I.e. it simulates people to the understanding process of sentence.This segmenting method is needed using a large amount of linguistry and information.Due to the Chinese
General, the complexity of language linguistry, it is difficult to various language messages are organized into the form that machine can be directly read, therefore at present
Words partition system based on understanding is also in experimental stage.
Segmenting method based on statistics: providing the text largely segmented, is cut using statistical machine learning model study word
The rule (referred to as trained) divided, to realize the cutting to unknown text.Such as maximum probability segmenting method and maximum entropy segment
Method etc..With the foundation of Large Scale Corpus, the research and development of statistical machine learning method, the Chinese word segmentation based on statistics
Method becomes main stream approach gradually.

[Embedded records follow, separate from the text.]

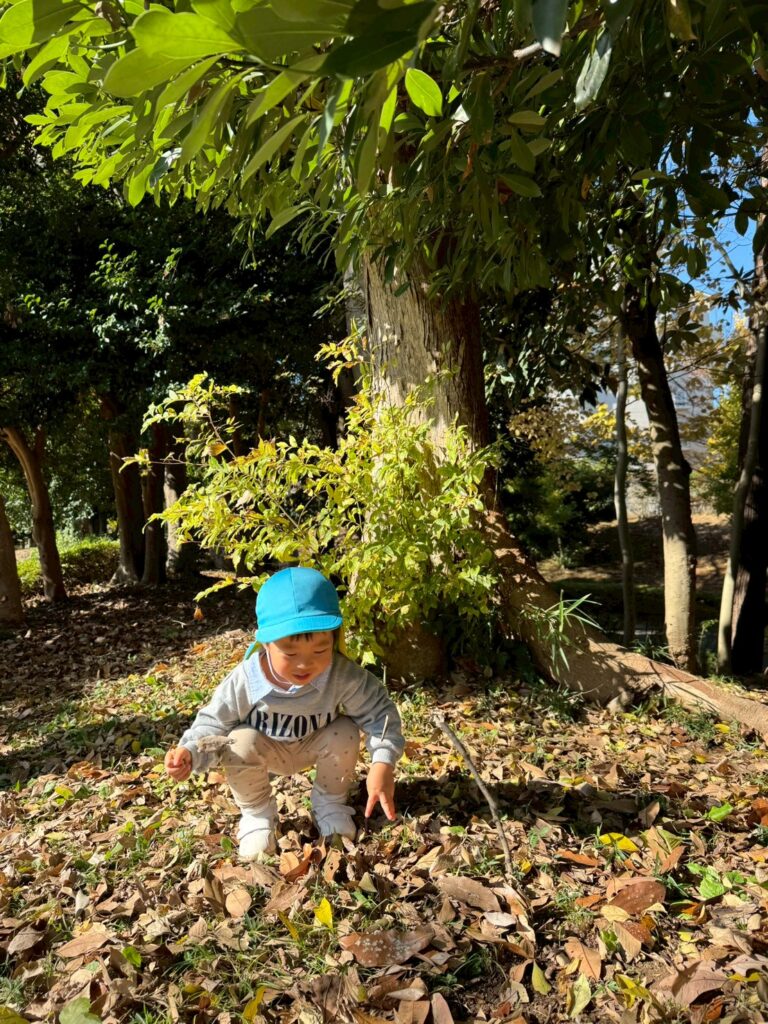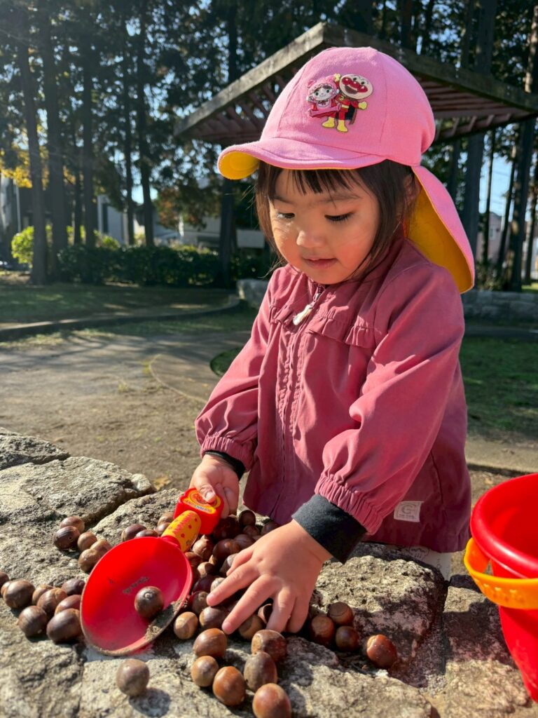 子どもたちは夢中でどんぐりを拾いバッグにたくさん集めたり、風が吹くたびに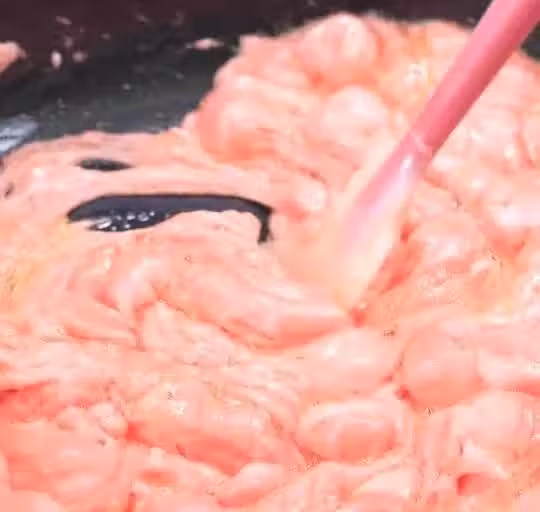 將棉花糖攪拌至溶解一半的程度,準備加下一步材料,注意千萬不要等棉花糖完全化開了,這樣最後口感會很硬。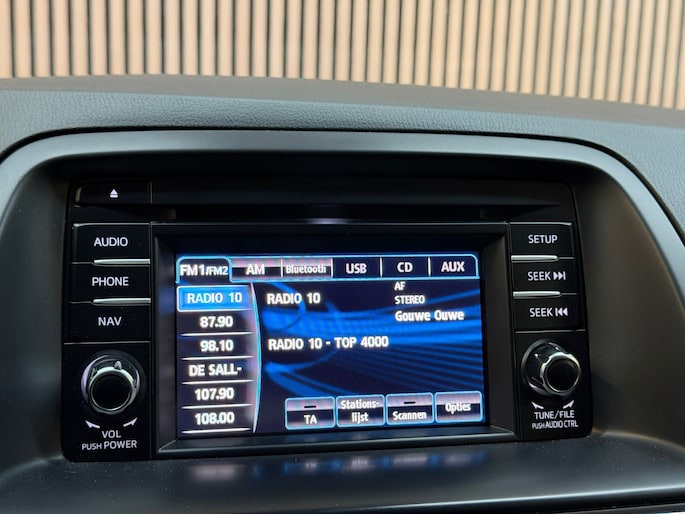 Ontspannen en zorgeloos autorijden, dat doet u met deze Mazda CX-5. De uitstekende prestaties van deze auto komen van de viercilinder motor en de automatische transmissie. Van binnen is deze Mazda CX-5 mooi uitgevoerd met een classy lederen interieur. De verwarmbare voorstoelen zijn een heerlijke extra optie, waarmee u uzelf en uw bijrijder een groot plezier doet. Xenonverlichting zorgt voor een krachtige en heldere lichtbundel. Tot de uitrusting behoren ook extra getint glas en verstelbare lendensteunen.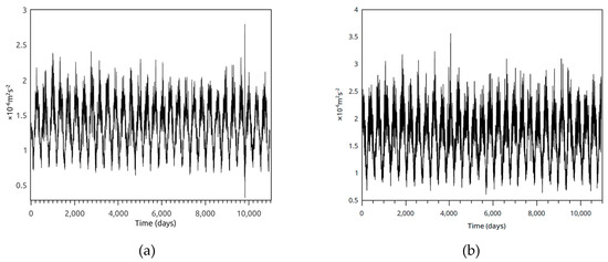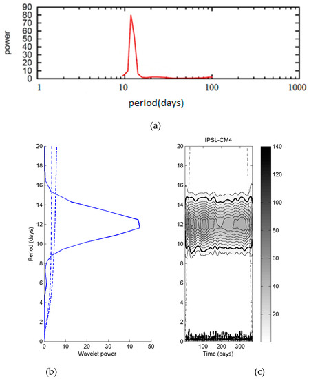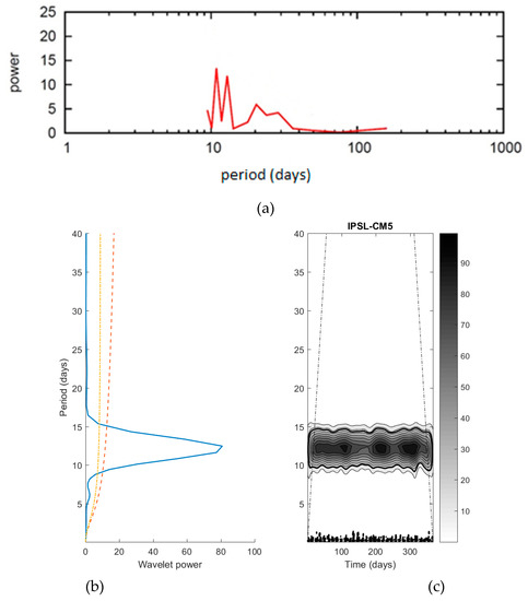 In order to calculate the spectral characteristics of the daily IE field, obtained from the Northern Hemisphere 500 hPa heights for the years 2020–2050 from both versions of the IPSL model, a Fast Fourier Transform (FFT) was applied to the daily IE time series. A bandpass filter with was employed to isolate periods of approximately 5–40 days in the IE time series, which correspond to the general time-scale of planetary-scale flows. Additionally, [38] and references therein demonstrate that the planetary scale using spatial filtering techniques corresponds to low wave numbers, up to four or five, which have a time-scale of about six days as inferred from [39,40] or others. For the wavelet analysis, the Morlet wavelet was used as the wave basis, and this has been used in published climatological studies [41,42,43]. The data were smoothed, using a moving average to remove seasonality, and the linear trend was subtracted before obtaining the power spectrum. The spectral density was calculated at the 95% confidence level. IE was also calculated from the set of Northern Hemisphere re-analyses, as well for comparison to the model output. The 500 hPa heights were obtained from the National Centers for Environmental Prediction/National Center for Atmospheric Research (NCEP/NCAR) re-analyses, which were archived on a 2.5° × 2.5° latitude/longitude grid from 1981 to 2010.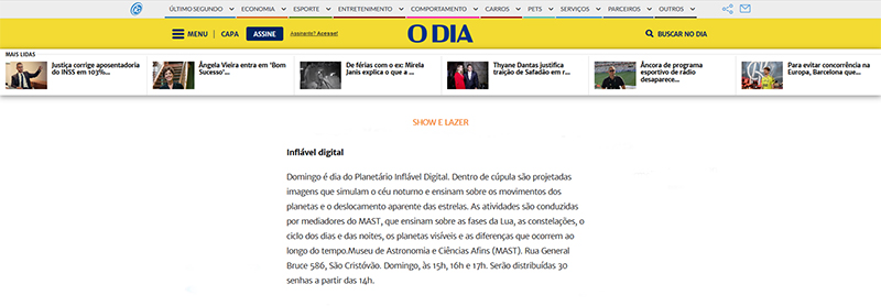 O Dia online - Show e Lazer | Domingo é dia de Planetário Inflável Digital
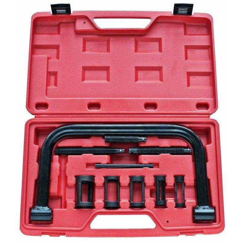 MORSETTI VALVOLE UNIVERSALI COMPRESSORE A MOLLA SET RIPARAZIONE DA 10 PEZZI Questo kit permette lo smantellamento facile e sicuro delle valvole sui motori più piccoli. Il set include 5 adattatori: 16mm, 19mm, 23mm, 25mm e 30mm e 3 ulteriori spine cilindriche: 70, 110 and 120mm di lunghezza con un diametro di 12 mm. Scheda tecnica: Peso: 1,4 kg Colore: nero Ampiezza morsa: ± 17cm Dimensioni: 33,5x19x5cm Il set comprende: 1 scatola 5 adattatori 3 set di morse 1 archetto 1 barra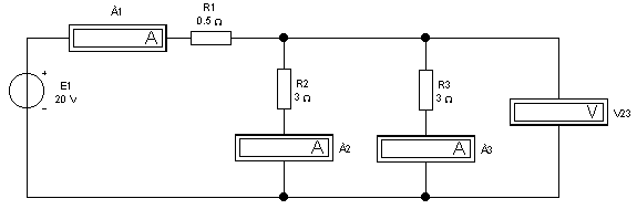 R1= 0,5 Ом и двух параллельно включенных R2=R3= 3 Ома, которая питается от источника постоянной ЭДС 20 В.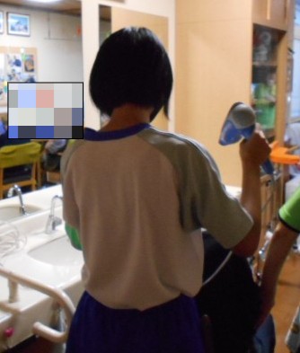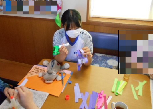 社会に学ぶ「14歳の挑戦」・グループホーム中川原の家 公開日 2025/09/03 更新日 2025/09/03 2学年 9月3日(水) 3日目【グループホーム中川原の家】 入居者の方の髪を乾かしたり、飾りの作成をしています。このほかにも血圧を測ったり、入居者の方とお話をしたりしているようです。職員の方は、一生懸命働いてくれて助かっているとおっしゃっておられました。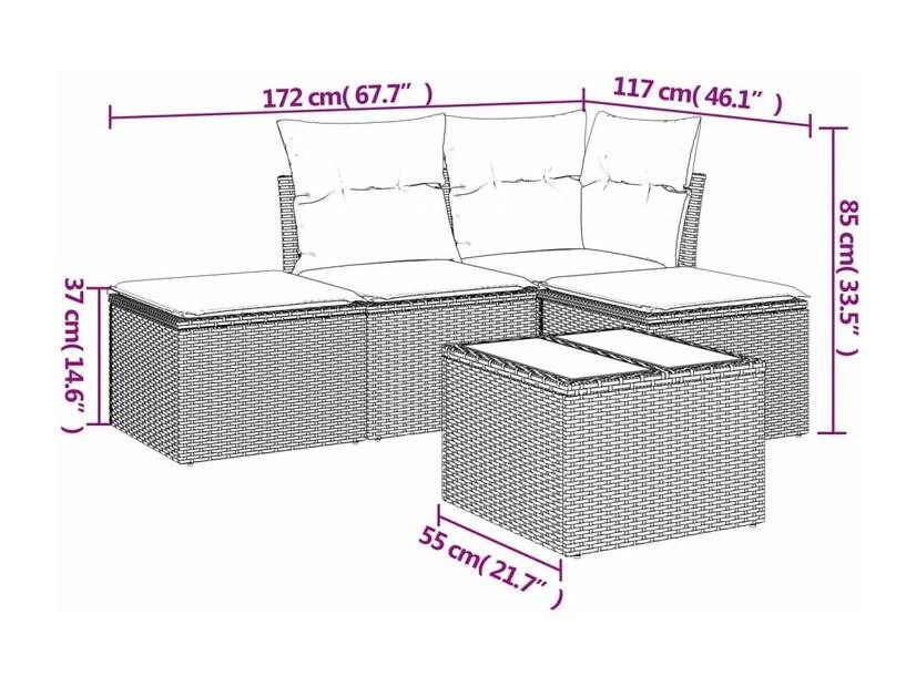 Salon de jardin avec coussins 5 pcs marron résine tressée

Principal statistical model: N-gram model (N-gram), hidden Markov model (Hidden Markov Model, HMM),
Maximum entropy model (ME), conditional random field models (Conditional Random Fields, CRF) etc..Morphological analysis is NLP
An important basic technology, including participle, part-of-speech tagging, Entity recognition etc., main algorithm structure is based on Bi-
LSTM-CRF algorithm system.With the output sequence that CRF is to obtain global optimum, it is equivalent to the recycling to lstm information.From
From network structure, Bi-LSTM-CRF is applied or CRF this big frame, only LSTM in each t moment the
Output on i tag regards " point function " (only characteristic function related with current location) in CRF characteristic function as, then
" side function " (characteristic function related with front-rear position) is still carried with CRF.Thus by primitive form in linear chain CRF
Characteristic function (linear) become the output f of LSTM1(non-linear), this just introduced in original CRF it is non-linear, can be more preferable
Fitting data.Bi-LSTM, that is, two-way LSTM, more unidirectional LSTM, Bi-LSTM can preferably capture the letter of context in sentence
Breath.Bi-LSTM is exactly two and remembers LSTM based on shot and long term in fact, and only reversed LSTM is the data elder generation input
Reverse head and the tail transposition once, then run a normal LSTM, then again output result reverse once make with just
To the input of LSTM be mapped.
Summary of the invention
Goal of the invention of the invention place in view of the shortcomings of the prior art, is conceived to and solves above-mentioned participle corpus labeling
And in training process using corpus there are the drawbacks of, propose a kind of semi-automatic participle corpus labeling training device.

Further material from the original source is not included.